Ya
estaba cansado de ese muchacho vago que nada hacía en casa como no fuera trabajarle
la paciencia. ¡Le molestaba tanto! Otros salían cada mañana a laborar,
contribuyendo con la carga familiar en sus casas, pero él… Bien, era culpa de
su permisiva mamá. Ese muchacho sólo servía para calientabraguetas y traer
carajitas chillonas que salían medio vestidas al otro día.

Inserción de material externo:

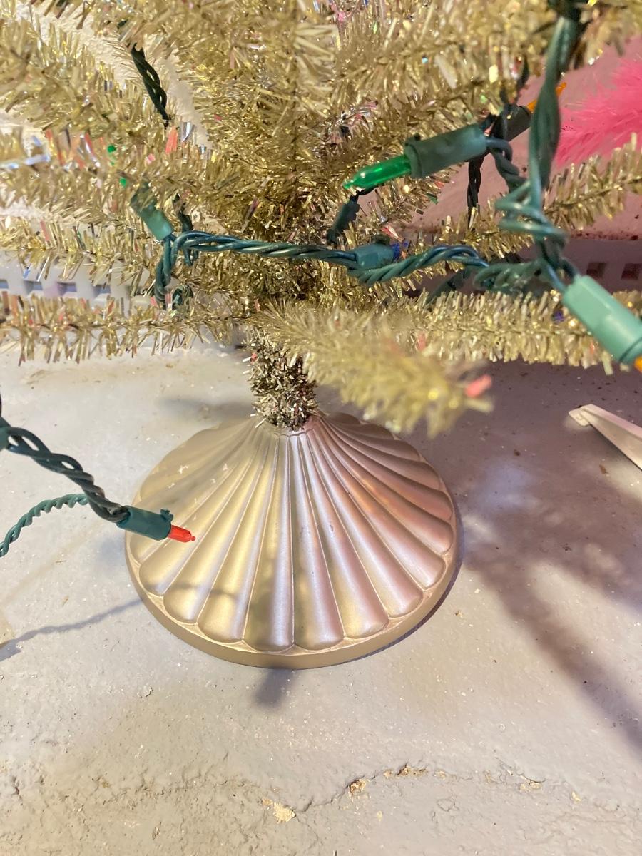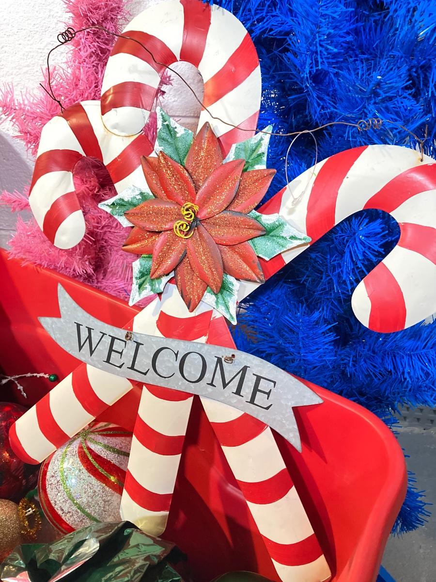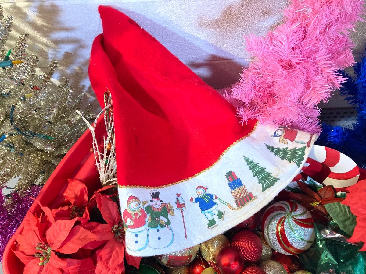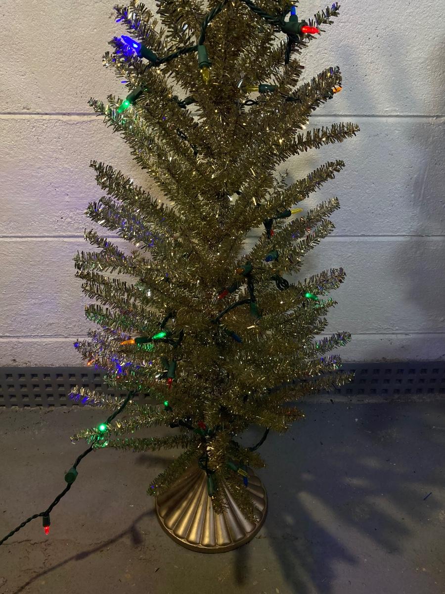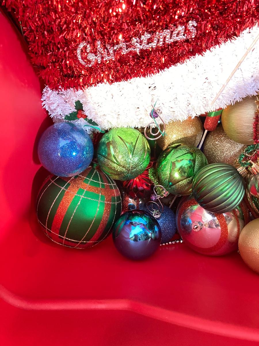 LOT 59: Colorful Christmas Trees and Tote filled with Decorations

Eso se dijo, más
furioso al no poder dejar de mirarlo, ni de tocarlo, ni de rozarlo con su vara
larga, deseando darle con ella para que aprendiera. Le molestaba tanto por su
continuo aire de desafío que quería verle ahogado, con arcadas de cuando su
garganta quedara atragantada de carne, única evidencia de que, al menos en algo,
se esforzaba. Y, bueno, tal vez por la justa indignación se la pasó la mano
cuando se lo abrió y se lo llenó de “amor” del duro, para descargar el enojo, y
este despertó gritándole que le soltara, que era un sucio maricón, que qué
desgracia que su mamá se casó con él. Eso le irritó todavía más, y en lugar de
retroceder decidió tratarle como merecía un ese vago culón. Que aprendiera a
respetar, saber y admitir cuál era su lugar. Y lo haría a la antigua, con mano
dura y con palabras, a las rudas palmadas que llenaban el cuarto esa mañana, se
sumaban los aleccionadores “tómala toda putita, haz feliz a tu nuevo papá, nena
mía”. Y darle y darle hasta que gritara un “sí, dámela toda, papi, llename con
tus bebés como la putita que soy”. Lo que, reconoce el hombre, ya era una
mejoría. Ahora servía para algo, se dijo, atrapándole de la cintura y
haciéndole casi llorar por más de eso.